Data below
BEGIN

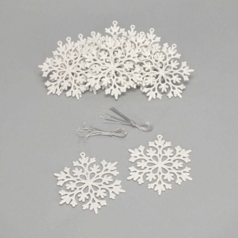 Csillámos felakasztható hópehely díszek, ezüst színű akasztóval.Méret: 9,5cm, 12db/csomag
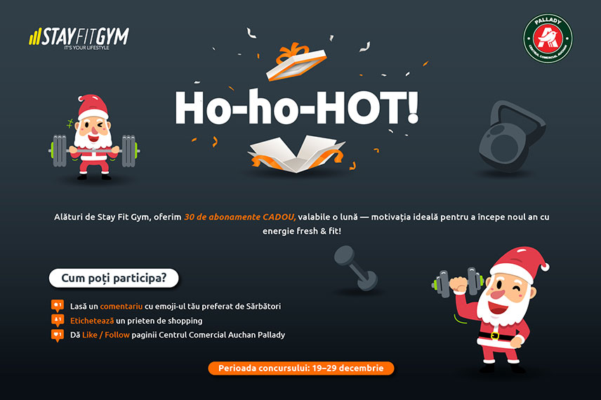 Alături de Stay Fit Gym, lansăm concursul „Ho-ho-HOT!”, prin care oferim 30 de abonamente gratuite, valabile timp de o lună. Este un impuls ideal pentru a reveni la un stil de viață activ după perioada sărbătorilor.
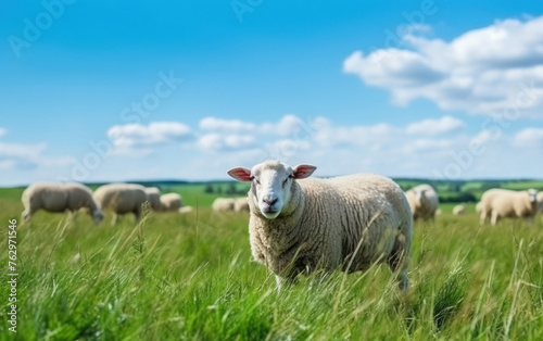 © Niks Ads, Fototapeta premium close up Sheep grazing on a lush green field,
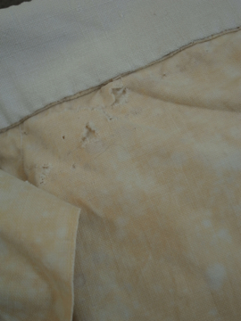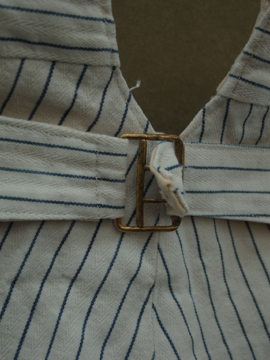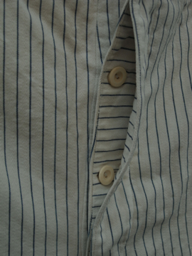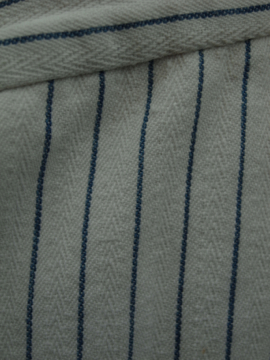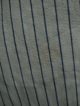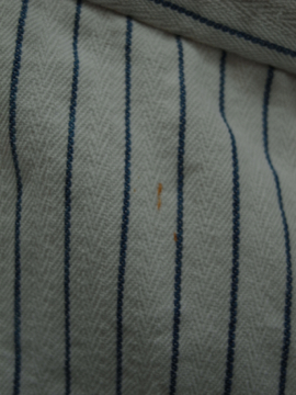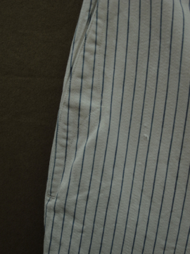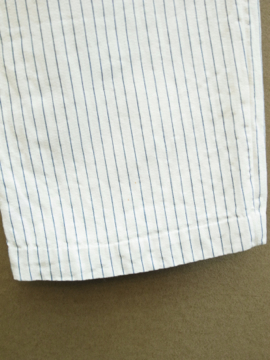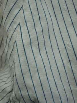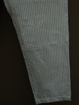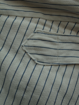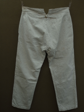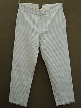20世紀初期頃につくられたストライプ・パンツ。インディゴ染めの青いストライプの間に織り柄の入った美しい布地で、比較的薄手で涼しいです。バックについたストラップで多少のサイズ調節ができます。ボタンはボーン製。あまり着用されていないようです。小さなシミやスレ、薄いシミ、裏地に傷みがありますが、年代を考えると状態はとても良いです。

END

Would you reproduce the lines above exactly, without carrying over the pictures?

 Csillámos felakasztható hópehely díszek, ezüst színű akasztóval.Méret: 9,5cm, 12db/csomag
 Alături de Stay Fit Gym, lansăm concursul „Ho-ho-HOT!”, prin care oferim 30 de abonamente gratuite, valabile timp de o lună. Este un impuls ideal pentru a reveni la un stil de viață activ după perioada sărbătorilor.
 © Niks Ads, Fototapeta premium close up Sheep grazing on a lush green field,
20世紀初期頃につくられたストライプ・パンツ。インディゴ染めの青いストライプの間に織り柄の入った美しい布地で、比較的薄手で涼しいです。バックについたストラップで多少のサイズ調節ができます。ボタンはボーン製。あまり着用されていないようです。小さなシミやスレ、薄いシミ、裏地に傷みがありますが、年代を考えると状態はとても良いです。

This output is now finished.